Я отступаю на шаг, на безопасное расстояние. Записываю на камеру минуту за минутой весь этот его припадок. Его рычание. Брызги белой пены изо рта. Звуки, исходящие изнутри его тела, рычание и шипение.
Он безумен. Буйный безумец в самый опасный момент продолжительного приступа.
Или я просто пытаюсь убедить себя в этом. Но это не срабатывает.
Все, что делает этот человек, слишком намеренное, чтобы это оказалось душевным заболеванием. Приступ только представляется набором диких, непоследовательных и бессмысленных признаков некоего запущенного невротического недуга, но отнюдь не является таковым. То, что мне демонстрируется, – это проявление, раскрытие некоей личности, совершенно чуждой. Оно имеет свой рисунок, свою манеру, свои крещендо и диминуэндо, драматические паузы, и все это исходит от некоего внутреннего сознания. А еще все это предназначено для того, чтобы быть записанным на камеру. Для меня.
Еще более тревожными помимо его явных и недвусмысленных дерганий и сотрясений, женоподобного квохтанья и гогота, болезненных вскриков и закатившихся глаз, так что видны белки, настолько покрасневшие, что кажутся маленькими пятнышками боли, становятся те моменты, когда он внезапно замирает, сидит неподвижно и смотрит на меня. Ни слова, ни судорог. Его личность приходит в «норму» или в то состояние, которое я воспринимаю как остатки его некогда душевно здоровой сущности – и тогда он превращается в мужчину примерно моего возраста, не понимающего, куда он попал, и пытающегося сообразить, кто я такой, как он может изменить ситуацию, как найти дорогу обратно домой. В такие моменты передо мной явно умный, интеллигентный человек.
Но после этого выражение его лица всякий раз резко меняется. Он вспоминает, кто он такой, вспоминает причину и суть обрушившегося на него несчастья, и по его лицу снова проходит целый каскад выражений – изображений? эмоций? воспоминаний? – проходит быстро, мгновенно.
И именно тогда он начинает кричать.
Голос целиком и полностью его собственный. Одинокая нота звучит, поднимаясь из его глотки, а затем рассыпается, превращаясь в нечто похожее на рыдание. Его ужас настолько непосредствен и кристально чист, что лишает его человеческого облика даже больше, чем его самые жуткие и гротескные выверты.
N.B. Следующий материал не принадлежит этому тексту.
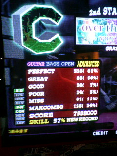 さて、夜勤明けです(^^)昨日はKE-KOさんと朝練に行きました。どうやら、私は特攻ネタ担当になっているようなので、早速ギタフリの特攻記録をば(爆▽with KE-KO▽・over there 緑ギター 二人ともアーケードでは初クリア!!私はCSでもクリアできてないので嬉しかったです(^^; 前作から数えて10連敗くらいしてましたので(^^; にしても、本当に難しいですよね(^^; もう当分やらなくていいや(笑・panasonic youth 黄&緑ギター 私は超チキンで前作まともに出来なかったので、緑に逃げました(笑 KE-KOさんは右腕がつらいとか言ってましたが、さっくりクリアなさってました(爆 ・white tornade 赤ギター(k)&ベース(つ) 両者KO負け 勝負タイム・・・つっこみ割と早く。KE-KO高速オルタあたり。 まぁ、無理だね。うん。無理。△個人的特攻記録と快挙△・classic party3 黄ギター 初クリアキター! 最後は逃げ切った感じ(笑 まぁ当然まともにできないので、成績はアレですがまぁクリアマークがついただけすげぇッス(^^;・R#1 黄ギター あんなオルタ出来ません(笑(あははははははは・ツミナガラと彼女は謂う 緑ギター フルコンキターーーーー!一方ドラムの方では、相変わらずちゃんこが強い(笑まだやってたのか、オレ(爆とりあえず、黄色で苦手だったスネア&タムのリズムをかなり掴んできた。あとはこれにバスを加えるといいわけですね(爆それよりも、達成率上昇の鍵を握る中盤のスネア×4→緑タム連打→赤タム連打。ここが黄でも繋がらないorzそりゃ、毎回エアーマンを歌いたくなるほどに(笑
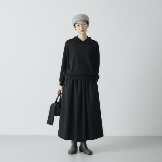 ニットの中でも薄手で軽やかな生地感のため、ワンピースやベストと重ねても◎
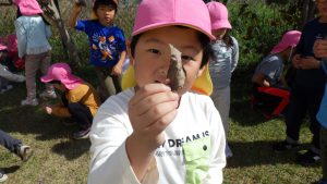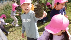 毎日色々な発見をする子どもたちは、落ち葉集めでもたくさんの発見をしていました。見た目、音、手触り・・・私たち保育士も子どもたちの気付きには驚くことがいっぱいです。些細な発見や気付きも友だちと共有しながらさらに関心を高めていってほしいなぁと思います。
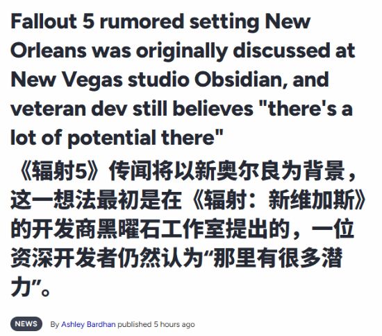 据外媒报道,如果传闻属实,《辐射5》可能会把舞台设在新奥尔良。
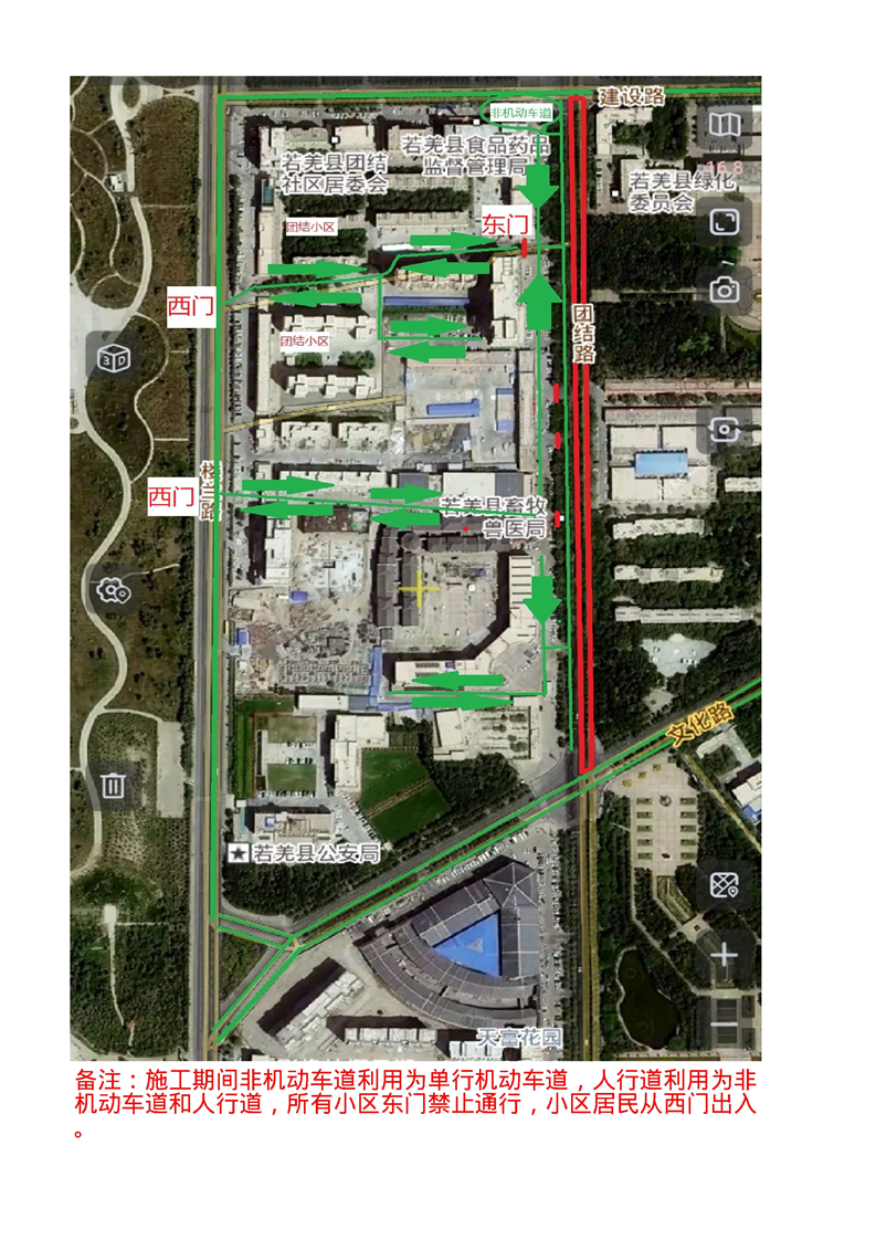 三、绕行路线:根据施工实际情况,沿线各居民小区及团结路方向车辆建议绕行路线如下(如图所示):
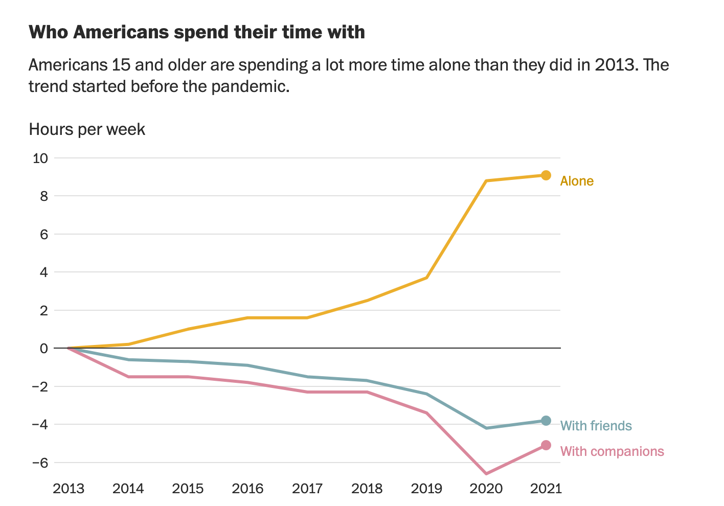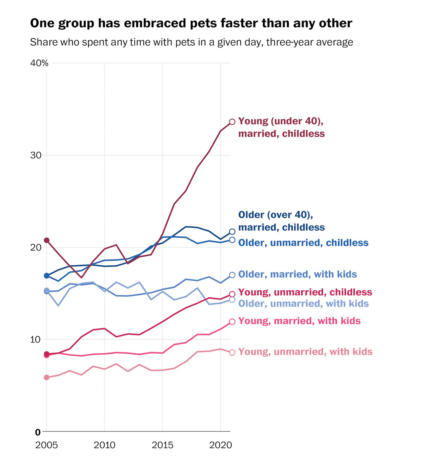 There is, however, one data point pushing back against this trend: the time that Americans spend with their companion animals. In 2021, the amount of time the average American spent with a non-human animal hit a record high. Perhaps most interesting, however, is who is spending the most time with animals: childless Americans under the age of 40.

Мужчина смотрит на меня и протягивает ко мне руку.
Это напоминает мне Тэсс, когда ей было два годика и когда она училась плавать во время летнего отпуска, который мы проводили на Лонг-Айленде. Она тогда делала осторожный шажок с мелководья и ощупывала ногой песчаное дно, уходящее вниз, в глубину, и в этот миг ее окатывала набежавшая волна. И всякий раз она выплевывала набравшуюся в рот морскую воду и протягивала руку ко мне, чтобы я ее спас. Это почти смертельное упражнение она повторяла раз по двадцать за один день. И хотя всякий же раз она через четверть секунды оказывалась у меня на руках, ее отчаяние всегда было таким же.
Разница между Тэсс и этим мужчиной в том, что если Тэсс понимала, что ее пугает – вода, глубина, – то он не имеет об этом никакого представления. Это не заболевание. Это чье-то присутствие – возможно, некоего привидения. Чьей-то воли, в тысячи раз более мощной, чем его собственная. Но он не борется с ней. Все эти гримасы и судороги – лишь признание того, что он проклят, и оно обрушивается на него всякий раз снова и снова.
В конце концов человек замирает и весь оседает, погружается в сон, который вовсе не сон.
На счетчике 4.43.
И только теперь у меня действительно начинают дрожать руки. Все предыдущие мгновения камера в них была неподвижна, как будто установленная на штативе, так твердо я ее держал. Теперь же, когда значение всего только что увиденного полностью доходит до меня, кадр начинает дергаться и болтаться, вызывая тошноту, словно камера ожила и действует совершенно самостоятельно, тогда как сам я остаюсь неподвижен.
5.24.
Голос.
Этот звук заставляет мои руки замереть. И мужчина в кресле снова замирает в кадре. Он совсем не двигается. Голос исходит от него – должен исходить от него, – но ничто в его облике не указывает на это.